Only if you are doing validation using the x-vary alone, if we select the variant then go deeper before revalidation we have the full variant responses headers to work with including those.

- which object variant to map to

That would be either the lookup key pattern adjustment/addition or the explicit store+fileno details. The latter being slightly risky, but doable and much faster with less risk when the x-vary is built from a store-dir load scan instead of simply loaded from a long-term cache.

And there is also a map of known object variants and their ETag values
and also Content-Encoding, the latter to work around dynamic gzip
brainfart in many major web servers including Apache.

If you have read the Key header specification this should be clearer.
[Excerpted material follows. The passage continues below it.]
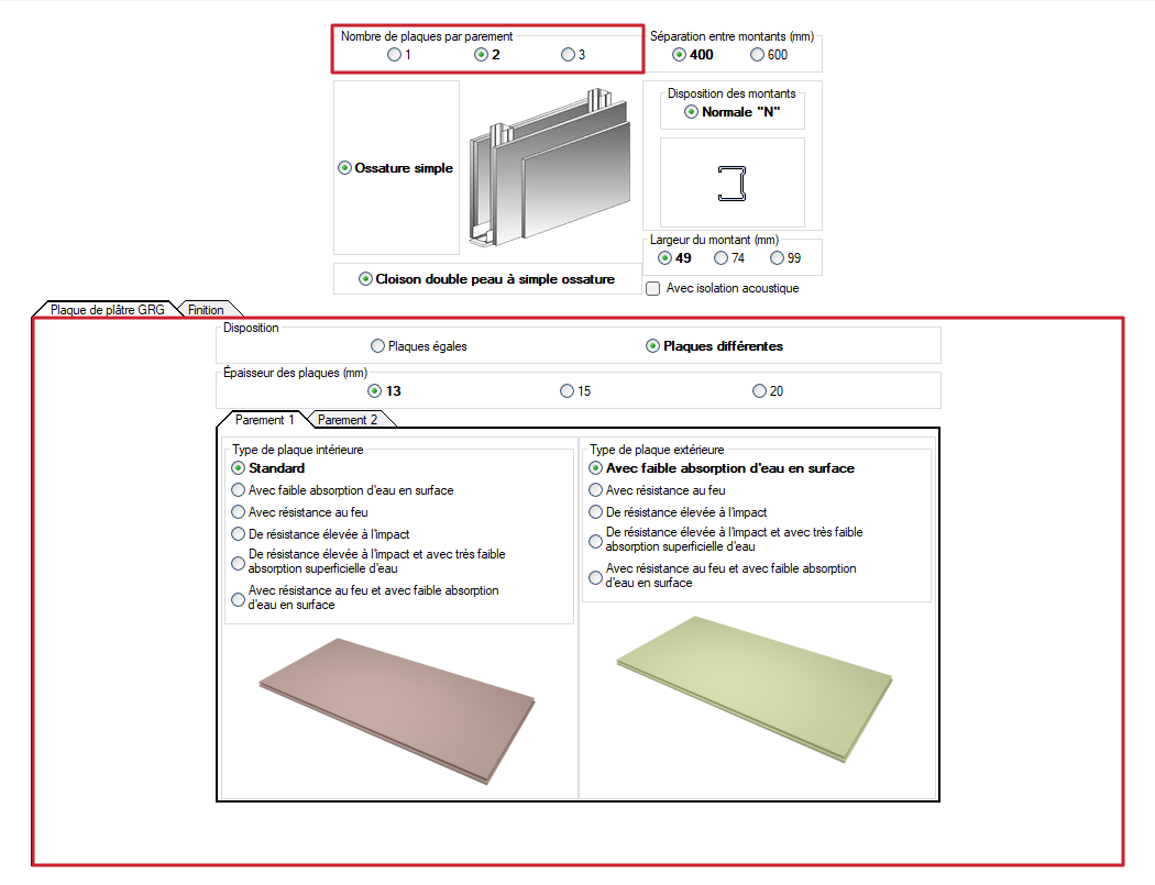 - Nombre de plaques par parament (1, 2 ou 3).

I am thinking the x-vary acts like a list of ETag values (for ETag match), Digest (for Digest match), and Key patterns (for Key/Vary matches) with Vary being a special vague case of Key. It stores a set of variants using *only* the exact details causing that variant to exist in the set, none of the request-header garbage like entire Accept: header or ignored field-values.

Even the Cookie case should be greatly reduced with the use of Key header. Although that will take some time to occur. We can avoid that a bit by hacking an omit for Vary:Cookie sites just like Varnish does, unless they use Key to specify *which* cookie detail to inspect.


That would make them churn particularly badly on
startup, but avoid the necessity to store anywhere long-term, and help
detect obsolete variants undeleted from disk.
The total system churn at startup is already majorly bad with both ufs
and rock stores.. caches are growing quite large today with current disk
& memory prices.

Sig. Yeah. The auto-generated x-vary is a nice dream. It is just an optimization on top of the restructured layout though. The existing 2.7 design of static cached x-vary mostly works, even if it does have a few issues.